* What is required
There are pictures in the records below; leave them out and set down exactly the lines from the one holding "ベトナム戦争の時代、アートロックの時代に流行った ピースマーク のピアス。" through the one holding "коровка на автомобильной".

* Extracted material
......
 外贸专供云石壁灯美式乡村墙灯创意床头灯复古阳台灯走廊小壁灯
......
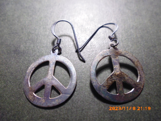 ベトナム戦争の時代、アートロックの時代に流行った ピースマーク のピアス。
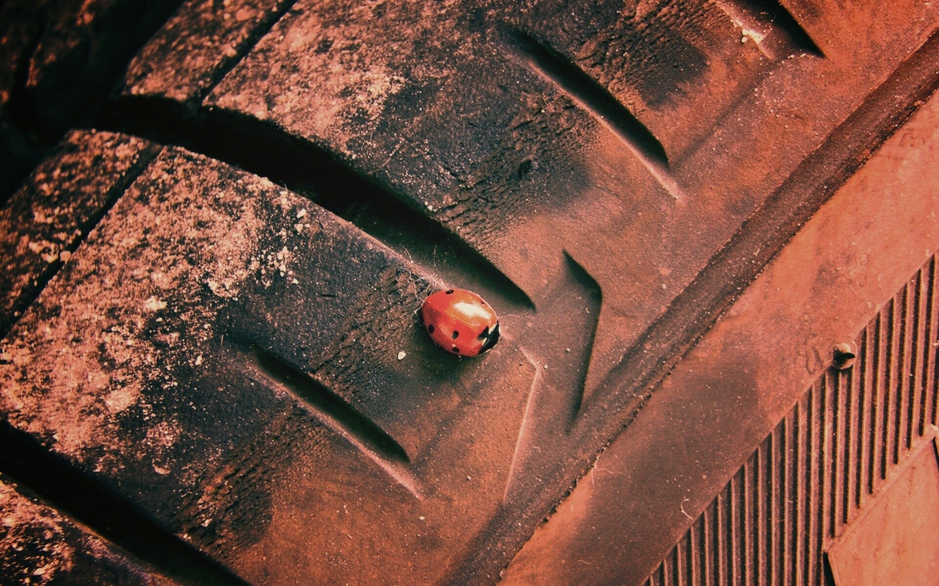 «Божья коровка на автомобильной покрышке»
......
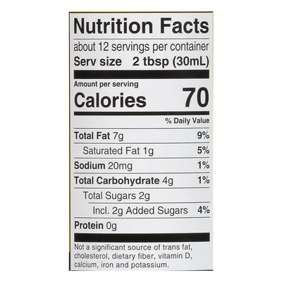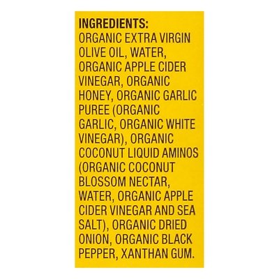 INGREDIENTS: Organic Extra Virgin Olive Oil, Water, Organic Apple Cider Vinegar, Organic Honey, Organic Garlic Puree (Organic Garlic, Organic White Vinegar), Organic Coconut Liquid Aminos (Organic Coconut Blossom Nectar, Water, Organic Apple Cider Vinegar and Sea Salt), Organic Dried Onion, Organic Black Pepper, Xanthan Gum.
......
* Expected answer
 ベトナム戦争の時代、アートロックの時代に流行った ピースマーク のピアス。
 «Божья коровка на автомобильной покрышке»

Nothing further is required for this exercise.